I've been meaning to look into this proposal for some time now, but one
thing or another kept coming up and I never got around to it. Well, I'll
try to get some of my thoughts out with this reply. I still haven't
looked very deeply into the past discussions, so apologies if I bring up
something that was already discussed.

> Hello Everyone,
>
> Following an email discussion with Miquel regarding the binding changes
> and overall architecture for implementing support for stacked and parallel
> memories, I’m sharing this RFC to initiate a discussion on the proposed
> updates to current bindings and to finalize the implementation
> architecture.
>
> Before diving into the main topic, here is some background on stacked and
> parallel memories.
>
> The AMD QSPI controller supports two advanced connection modes(Stacked and
> Parallel) which allow the controller to treat two different flashes as one
> storage.
>
> Stacked:
> Flashes share the same SPI bus, but different CS line, controller driver
> asserts the CS of the flash to which it needs to communicate. Stacked mode
> is a software abstraction rather than a controller feature or capability.
> At any given time, the controller communicates with one of the two
> connected flash devices, as determined by the requested address and data
> length. If an operation starts on one flash and ends on the other, the
> core needs to split it into two separate operations and adjust the data
> length accordingly.
>
> Parallel(Multi-CS):
> Both the flashes have their separate SPI bus, CS of both the flashes will
> be asserted/de-asserted at the same time. In this mode data will be split
> across both the flashes by enabling the STRIPE setting in the controller.
> Parallel mode is a controller feature where if the STRIPE bit is set then
> the controller internally handles the data split during data write to the
> flashes and while reading data from the flash the controller internally
> merges data from both the flashes before writing to the controller FIFO.
> If STRIPE is not enabled, then same data will be sent to both the devices.
> In parallel mode both the flashes should be identical.
>
> For more information on the modes please feel free to go through the
> controller flash interface below [1].
>
> Mirochip QSPI controller[2] also supports "Dual Parallel 8-bit IO mode",
> but they call it "Twin Quad Mode".
>
> Initially in [3] [4] [5] Miquel had tried to extend MTD-CONCAT driver to
> support Stacked mode, but the bindings were not accepted. So, the
> MTD-CONCAT approach was dropped and the DT bindings that got accepted
> [6] [7] [8] that describes the two flash devices as being one. SPI core
> changes to support the above bindings were added [9]. While adding the
> support in SPI-NOR  Tudor provided additional feedback, leading to a
> discussion on updating the current stacked and parallel DT bindings.
>
> Proposed Solution:
> The solution has two parts:
>
> 1. Update MTD-CONCAT
>    Update MTD-CONCAT to create virtual concatinated mtd devices as defined
>    in the device tree.

>From a very quick look, it seems mtdconcat should already do most of
what you want with "stacked mode". The tricky bits might be devicetree
design, but from the software perspective, I think mtdconcat makes
perfect sense. You leave all the complexity to the SPI NOR layer since
it already handles them, and just use the higher-level MTD layer to
virtually concatenate devices. Adding a new layer between MTD and SPI
NOR makes little sense because mtdconcat is already that layer. Another
benefit of this would be you can just as easily concatenate any kinds of
flashes you want; they don't have to be the same.

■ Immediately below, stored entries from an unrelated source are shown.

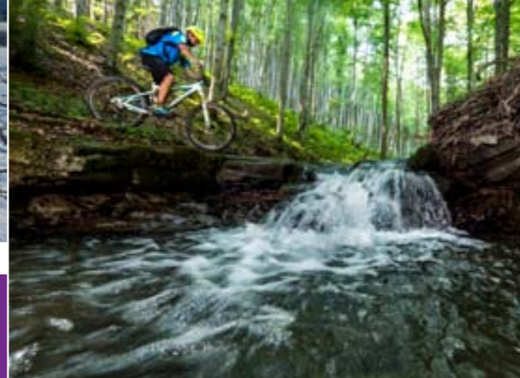
12 - Jičinka Creek, Veřovické vrchy

View towers present especially attractive places to go for day trips. In Horní Vsacko, there are view towers on the mountains of Miloňová, Sůkenická and Ztracenec. In Rožnovsko, there is a newly renovated view tower by architect Jurkovič in Rožnov pod Radhoštěm and two towers on mountain tops in Bůřov and Velký Javorník. To enjoy magnificent panoramic views, however, there is no need to go to a view tower. Viewpoints to see the beautiful country abound.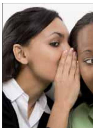
If confidentiality were not the norm, health care would be undermined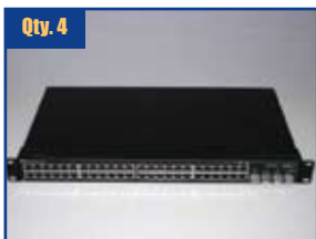
Qty. 4 Dell 2748 PowerConnect Gigabyte Switch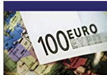
What Government Bonds and Investors Matter in Global Financial Crisis? Evidence and Strategic Thinking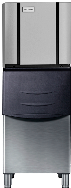
CIMO325 ON ICB110SC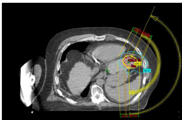
Figure 1 Image of the stereotactic body radiation therapy plan for the treatment of a unifocal hepatocellular carcinoma of the left lobe of the liver with radiation completed in January 2016. The teal line represents the 50% isodose line and the yellow line represents the 100% isodose line, which encompasses the tumor. The patient underwent orthotopic liver transplantation in August 2016 and was found to have a right diaphragmatic hernia. Minimal dose was delivered to the right diaphragm as seen on this representative axial slice.

None of the patients experienced radiation-related operative or postoperative complications. One patient with a CP score of B7 treated with SBRT for unifocal HCC located in the left lobe of the liver measuring 2.9 cm completed radiation in January 2016 and underwent LT 7 months later in August 2016. He was found to have a diaphragmatic hernia that was considered to possibly be radiation related. The patient's liver lesion was left sided with minimal to no dose at the location of the right-sided hernia, as seen in Figure 1 , and therefore deemed unrelated to radiation. Another patient with a 2.7 cm unifocal HCC in segments 7 and 8 received SBRT in June 2016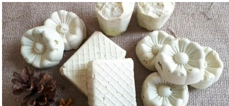
Figure 5. Soap that is ready, packaged, marketed and used

Evaluation of this activity is carried out by providing critique sheets and suggestions to the training participants at the end of the event. The aspects that are reviewed are everything from registration to practice. Based on the results of the critique sheet and suggestions, it shows that they are very happy with this event. According to them, the training they received was new and useful. In addition, they are motivated and enthusiastic to receive similar trainings and hope that this collaboration will continue to be held every year. In addition, they also gave criticism that this event was too short and the materials used were not enough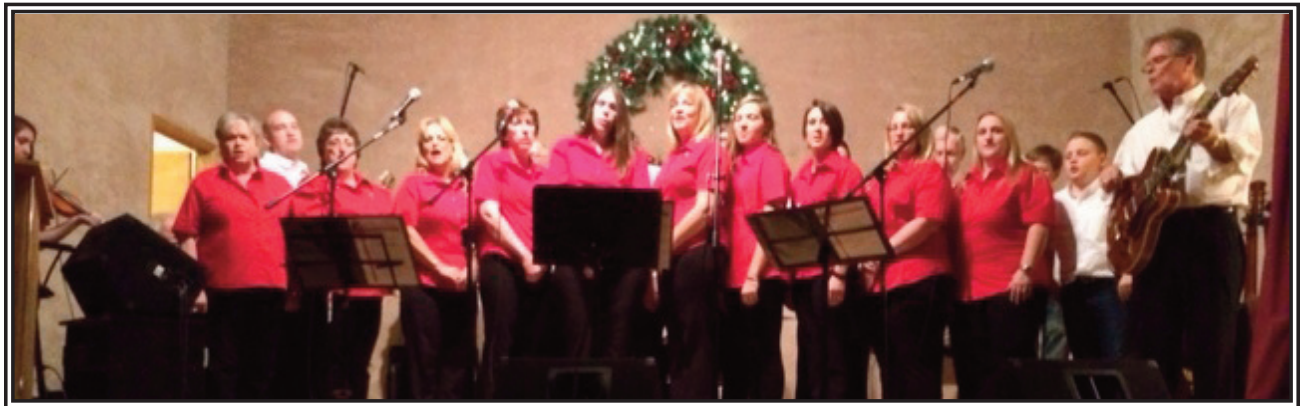
The Cumberland Singers perform a successful concert "Sounds of Christmas" at the Wentworth Recreation Centre with the focus on raising funds for the charity Chalice-Child Care International.

During the recess, people had the chance to visit the canteen, renew acquaintances and hear the winners of a raffle draw.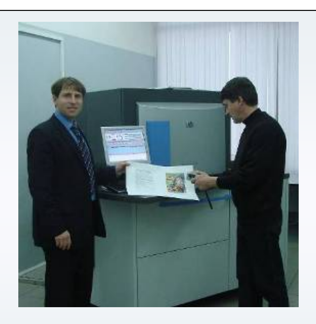
HP Indigo Lab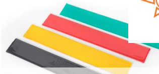
Self-Curing Insulation Waterproof Wrapping Material

Suzhou Woxing Electronic Technology Co., Ltd., founded in October 2006, is a high-tech enterprise dedicated to the research, production, and sales of advanced polymer materials. Its products are widely used in power, communications, automotive, aerospace, rail transit, and electronics industries, providing insulation, sealing, waterproofing, and fire safety solutions. Located in Wuzhong District, Suzhou, the company owns independent intellectual property rights and over 90 patents, certified by IATF16949, UL, ISO, and other authoritative domestic and international organizations. fire-proof.cn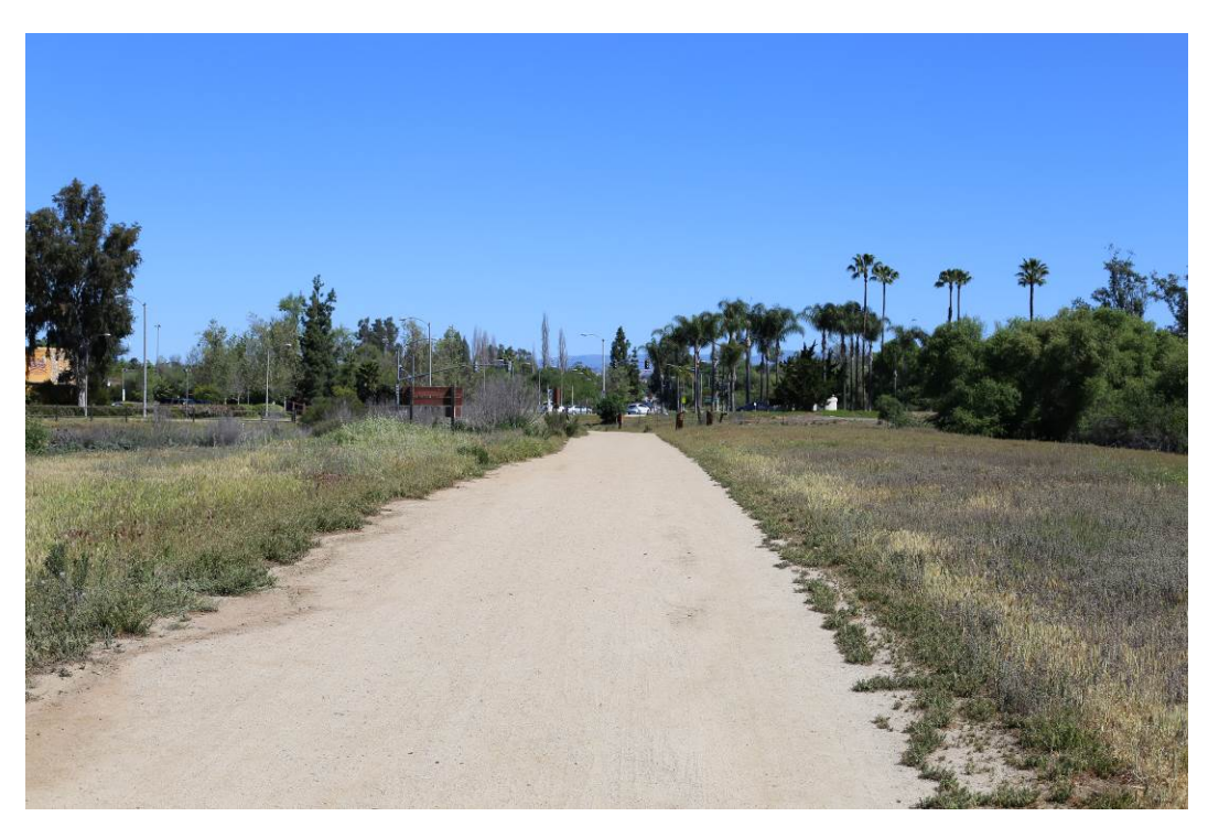
Photograph 18: Location of the Line 1600 Cross-Tie, as viewed from the south along the Mule Hill Trail (at approximate MP 29.3). This photograph shows the existing conditions in the vicinity of the Line 1600 Cross-Tie and was used for the visual simulation in Figure 4.1-1: Visual Simulation – Line 1600 Cross-Tie.

I think this is a much simpler problem to solve compared to parallel
mode. Once you figure out the devicetree stuff, and I think the
mtdconcat changes should be simple and not too controversial. So I think
you should split the parallel and stacked support into two independent
series. This way you make progress without having to wait for
discussions around parallel mode support to settle.

>
> 2. Add a New Layer
>    Add a new layer between the SPI-NOR and MTD layers to support stacked
>    and parallel configurations. This new layer will be part of spi-nor,
>    located in mtd/spi-nor/, can be included/excluded via Kconfig, will be
>    maintained by AMD and will:
>
>    - During probing, store information from all connected flashes in
>      stacked or parallel mode and present them as a single device to the
> 	 MTD layer.

As I mentioned above, I do not think you should do stacked flashes this
way.

>    - Register callbacks and manage MTD device registration within the new
>      layer instead of spi-nor/core.c.
>    - Make minimal changes in spi-nor/core.c, as stacked and parallel
>      handling will be managed by the new layer on top of SPI-NOR.
>    - Handle odd byte count requests from the MTD layer during flash
>      operations in parallel mode.

You'd also probably have to add support in SPI MEM to signal the
controller to use parallel mode. You don't want to use parallel mode all
the time since you'd need to do "normal" operations as well such as
reading/writing status registers, reading flash ID, SFDP, etc. That is
yet another "cost" parallel mode support has -- it adds another thing to
SPI MEM (I'm not saying the cost isn't necessarily worth it -- just
pointing it out).

>From the SPI NOR side, this layer would have to make sure both flashes
get configured with the exact same settings. That would need SPI NOR to
export how it configured a flash, ideally in a stable, well-defined
format. It would also have to ask SPI NOR to construct the SPI MEM ops
for it, and then edit them to set the "parallel mode" bit. Perhaps the
dirmap op templates can come in handy here.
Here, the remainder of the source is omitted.